__What this task involves__. After locating the line with "商品名:レオパドライ 60g レオパゲルをベースに昆虫食爬虫類の総合栄養ペレット。" in the entries below, output it and each following line up to and including the line with "さりげなく3.5インチ側ユニ", exactly and without pictures.

(Items listed in a dataset)
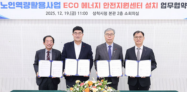 한국남부발전(주) 삼척빛드림본부(본부장 임경규)는 지난 12월 19일(금) 삼척시청에서 삼척시, 한국노인인력개발원 그리고 삼척시니어클럽과 함께 「ECO 에너지 안전지원센터」 조성을 위한 업무협약을 체결하였다.
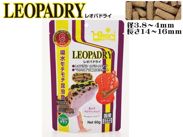 商品名:レオパドライ 60g レオパゲルをベースに昆虫食爬虫類の総合栄養ペレット。 1、ヒョウモントカゲモドキ累代繁殖の実績をもつレオパゲルの配合を ベースとした総合栄養ペレットです。 2、吸水後モチモチとしてピンセットなどで挟んでも崩れない物性です。 3、高い嗜好性で指示されているレオパゲルのドライタイプです。 4、ひかり菌配合で腸内環境を保ち、排出物の臭いも抑えられます。 5、乾燥したペレットのため開封後も長期間保存が可能です。 6、1粒でMサイズコオロギ約2.5匹分のカロリーに相当し、 多頭飼いの方にも経済的にご使用頂けます。 ■与え方 3~5分間を目安に吸水させ、ピンセットなどを使って与えて下さい。 爬虫類が幼体の場合は毎日、成体の場合は2、3日に1回が目安です。 食べない時は、姉妹品のレオパゲルと組み合わせて与えて下さい。 内容量:60g →詳しくはこちら |
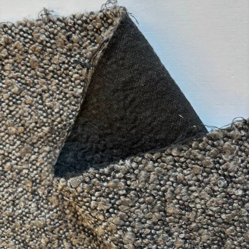 4,2m lang, 1,4m breed, 100% polyester, onrgelematig patroon op iets stevige rug zwart taupe grijs
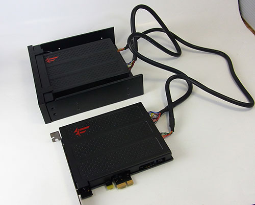 さりげなく3.5インチ側ユニットのデザインがサウンドカード本体のシールドとそろえているのもステキ。装着したらまず見えない箇所なのだが。
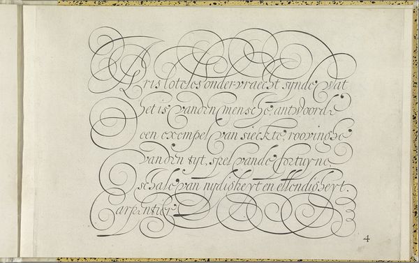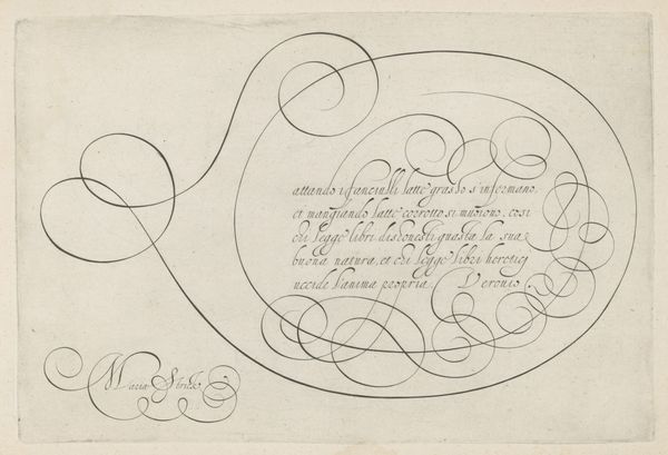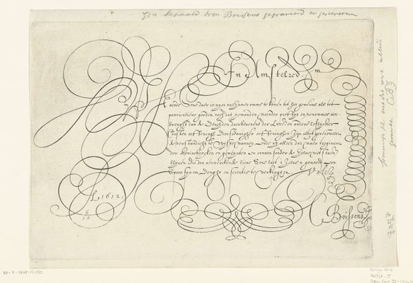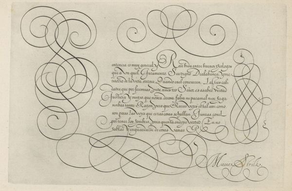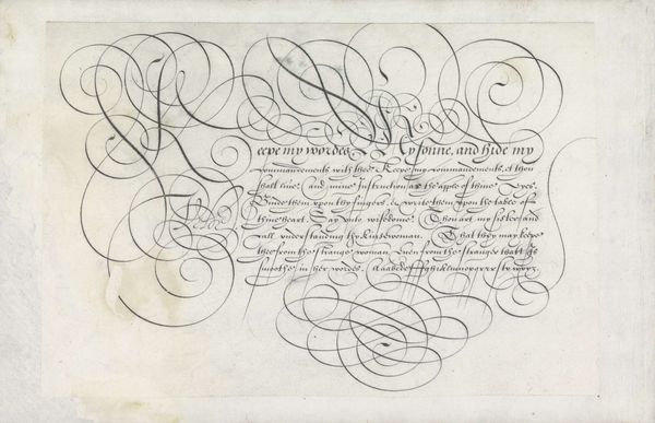 This is a writing sample with a capital K, made by Hans Strick around 1600, using pen and ink. During the late 16th century, calligraphy wasn't just about communication, it was a performance, a visual display of skill and education, closely tied to social status. In a society governed by strict hierarchies, handwriting became a means of asserting identity and belonging to a certain class. The flourishes and the elaborate letterforms weren't just decorative; they were a language in themselves, understood and appreciated by the literate elite. The act of writing was slow and deliberate, imbued with personal expression. The beautifully rendered ‘K’ and the careful script below are a testament to Strick’s mastery, and to the cultural importance of the written word. Consider the hours of practice, the expense of materials, and the cultural value placed on literacy during Strick’s time. This artwork invites us to reflect on the changing nature of communication, and the complex relationship between art, skill, and social identity.
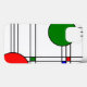 Dieses Handy Gehäuse hat einen Deko Buntglasfenster-Design aus schwarzen Linien und roten, blauen und grünen Quadraten und Kreisen.
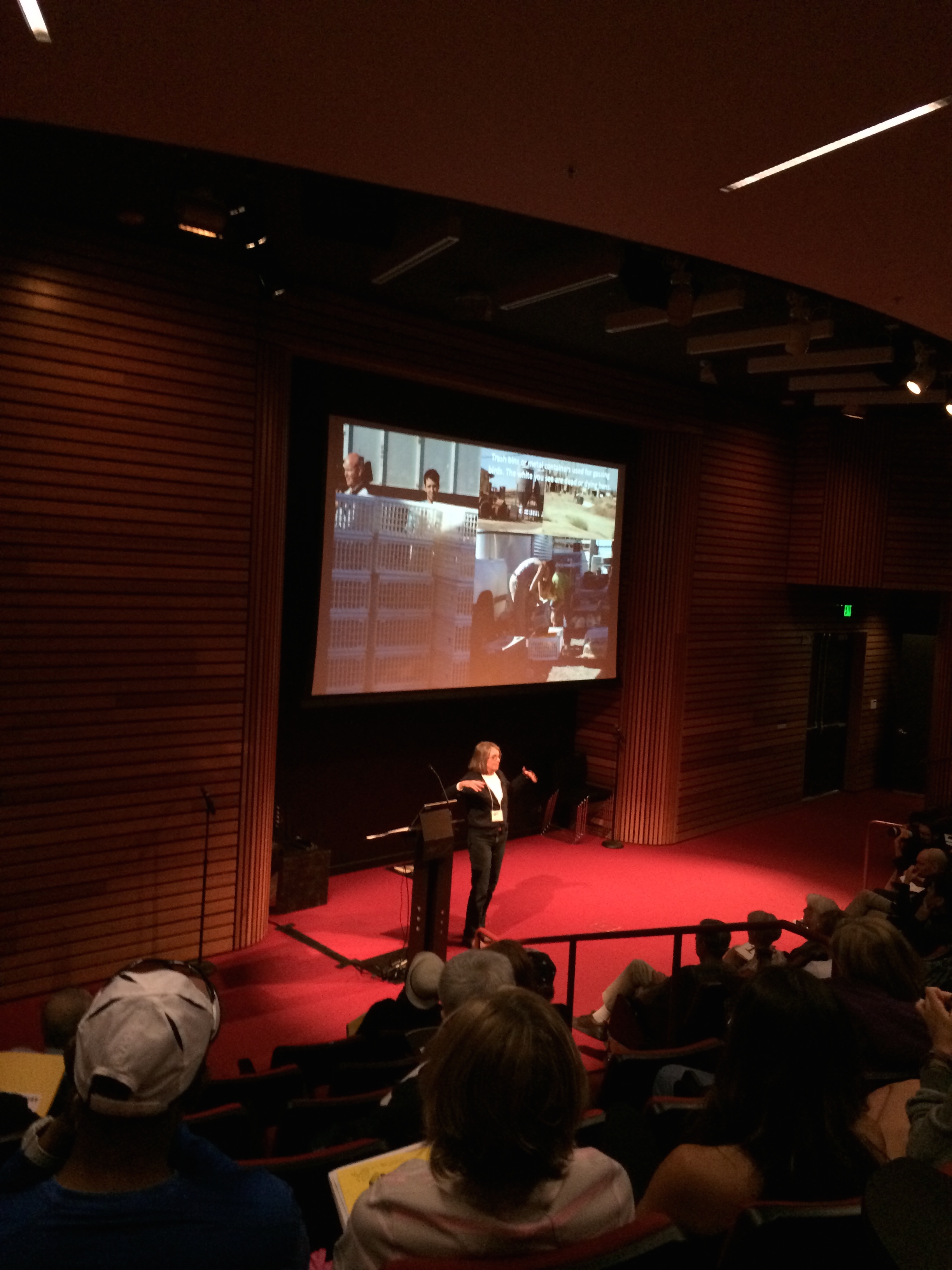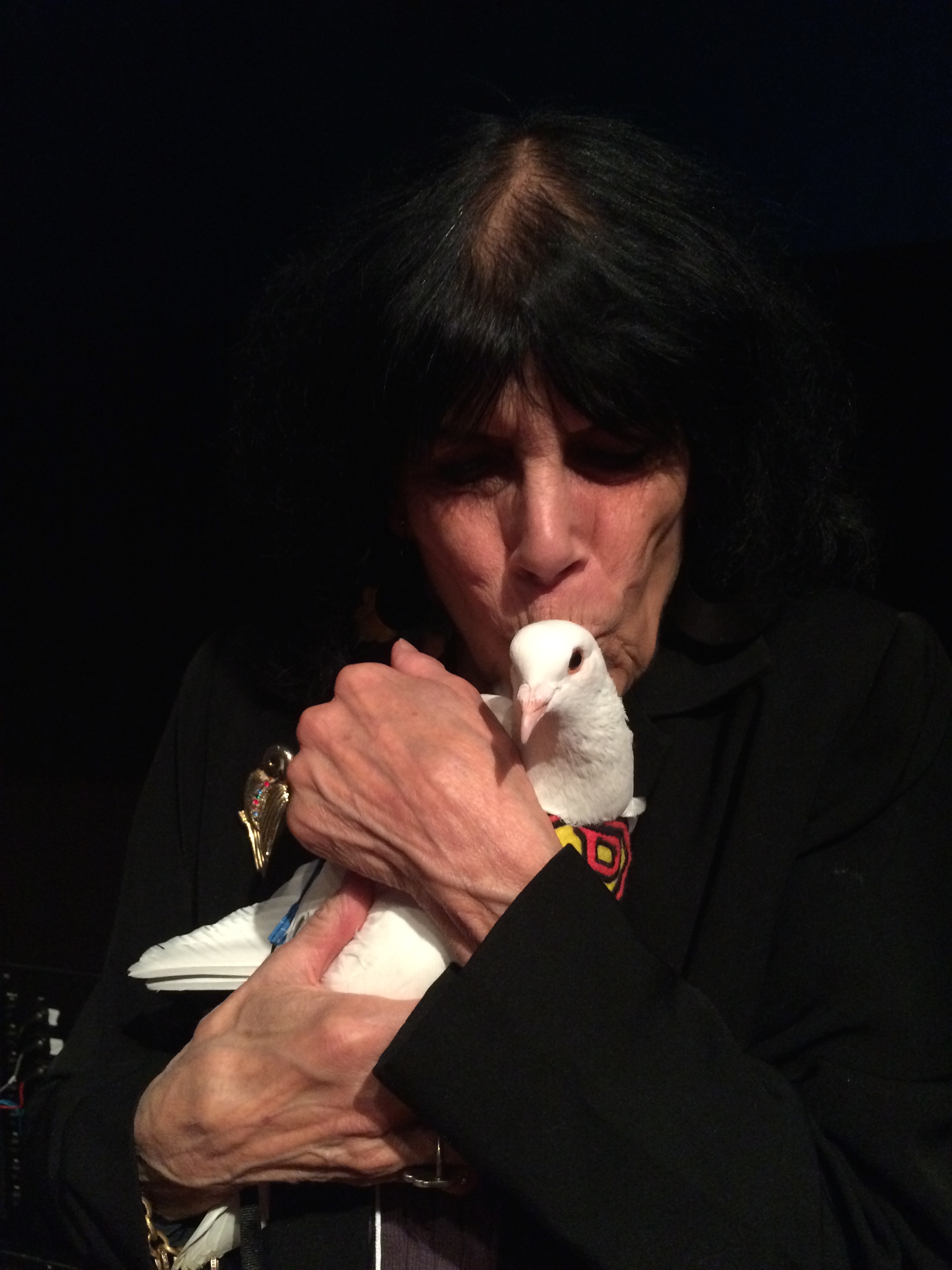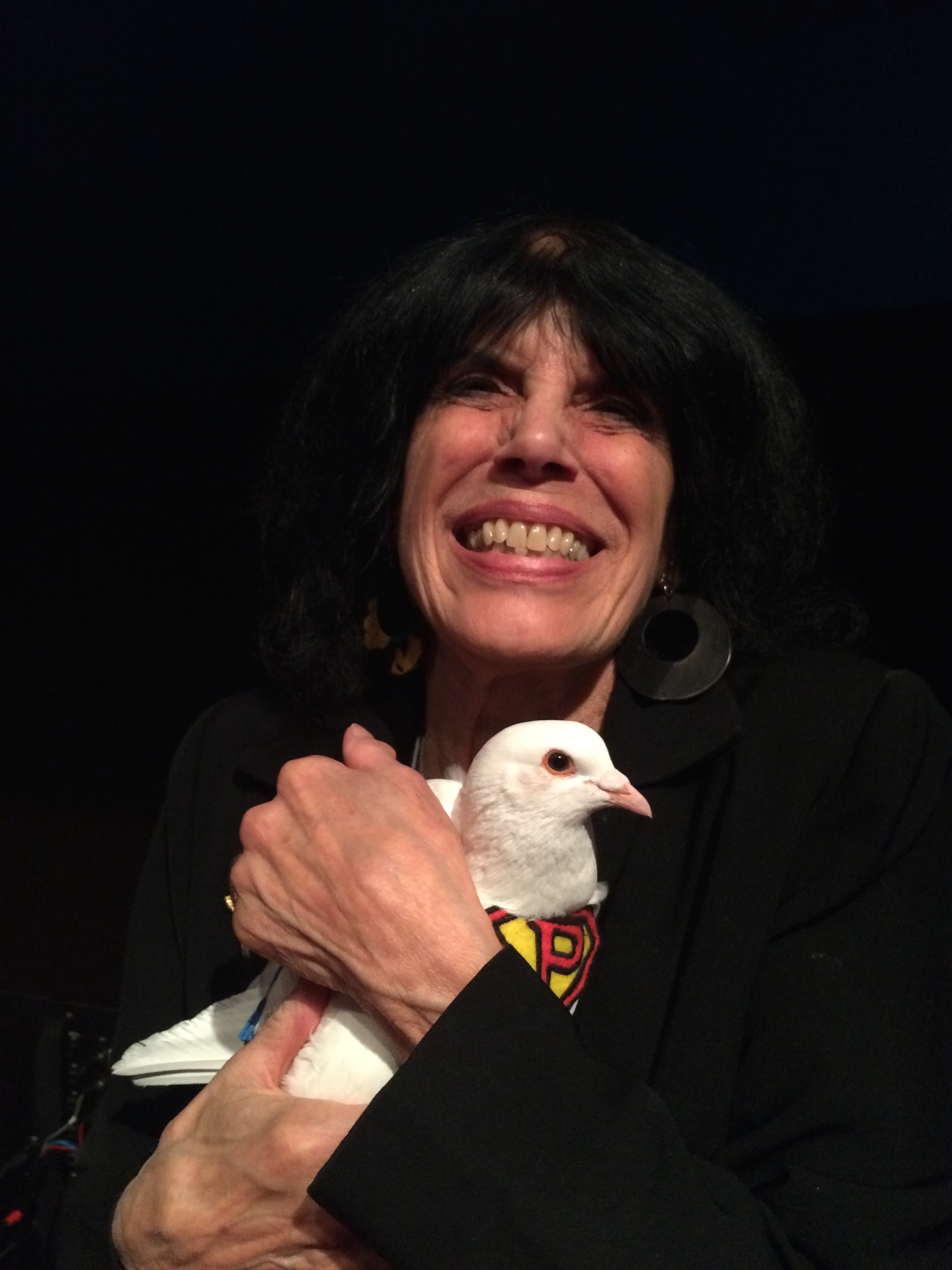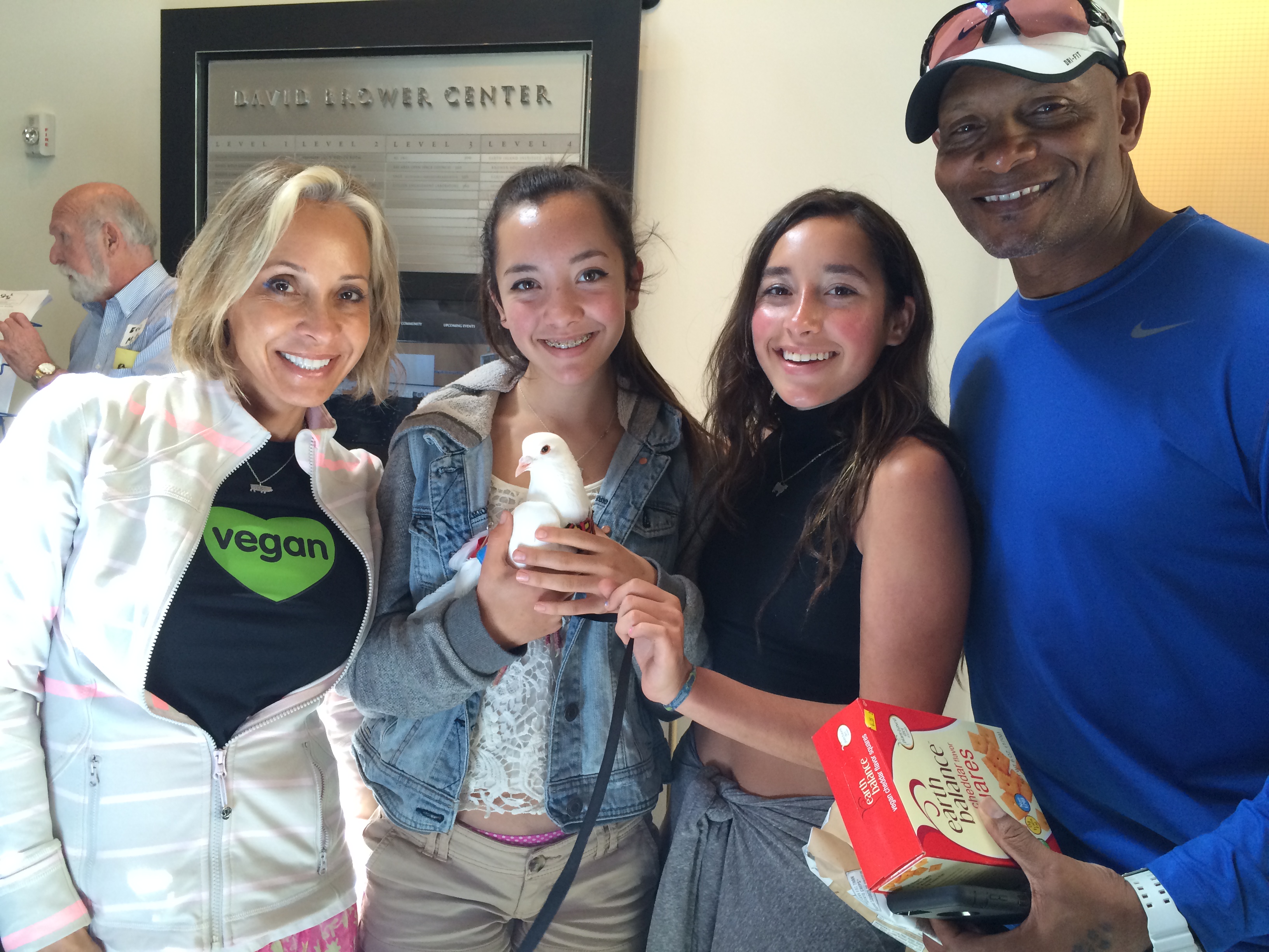 I had an amazing day on Saturday, April 4th, 2015. Pat, a rescued King pigeon (bred for meat- squab), and I attended the fourth annual Conscious Eating Conference put on by United Poultry Concerns & Animal Place. We learned so much! T.J. Tumasse of Animal Legal Defense Fund presented on what investigators find happening to farmed animals and if only a few moments of what he showed was common knowledge, people would look at their food very differently. (Farmed animals need their own Blackfish-type film to awaken consumers.) Mary Finelli of Fish Feel gave a mind-blowing presentation about the trillions of fish being killed annually- far more and even more wastefully than any other animal. Kim Sturla made the case for why farm sanctuaries have to be educators, providing “classrooms without walls”. Karen Davis who, 25 years ago did what everybody said couldn’t be done and created United Poultry Concerns, spoke eloquently on the role of single issue campaigns. When Karen wanted to start UPC, she was told that if people couldn’t even be inspired to care about whales, they could never care about chickens but she has proved them wrong. Victoria Moran, author of Main Street Vegan and The Good Karma Diet (among other titles) gave an uplifting call to the abundance of vegan living. It was a great conference and we were privileged to be there advocating on behalf of pigeons and learning from animal rights leaders. Click on the photos to see full size.

__Reply to the exercise__.
 商品名:レオパドライ 60g レオパゲルをベースに昆虫食爬虫類の総合栄養ペレット。 1、ヒョウモントカゲモドキ累代繁殖の実績をもつレオパゲルの配合を ベースとした総合栄養ペレットです。 2、吸水後モチモチとしてピンセットなどで挟んでも崩れない物性です。 3、高い嗜好性で指示されているレオパゲルのドライタイプです。 4、ひかり菌配合で腸内環境を保ち、排出物の臭いも抑えられます。 5、乾燥したペレットのため開封後も長期間保存が可能です。 6、1粒でMサイズコオロギ約2.5匹分のカロリーに相当し、 多頭飼いの方にも経済的にご使用頂けます。 ■与え方 3~5分間を目安に吸水させ、ピンセットなどを使って与えて下さい。 爬虫類が幼体の場合は毎日、成体の場合は2、3日に1回が目安です。 食べない時は、姉妹品のレオパゲルと組み合わせて与えて下さい。 内容量:60g →詳しくはこちら |
 4,2m lang, 1,4m breed, 100% polyester, onrgelematig patroon op iets stevige rug zwart taupe grijs
 さりげなく3.5インチ側ユニットのデザインがサウンドカード本体のシールドとそろえているのもステキ。装着したらまず見えない箇所なのだが。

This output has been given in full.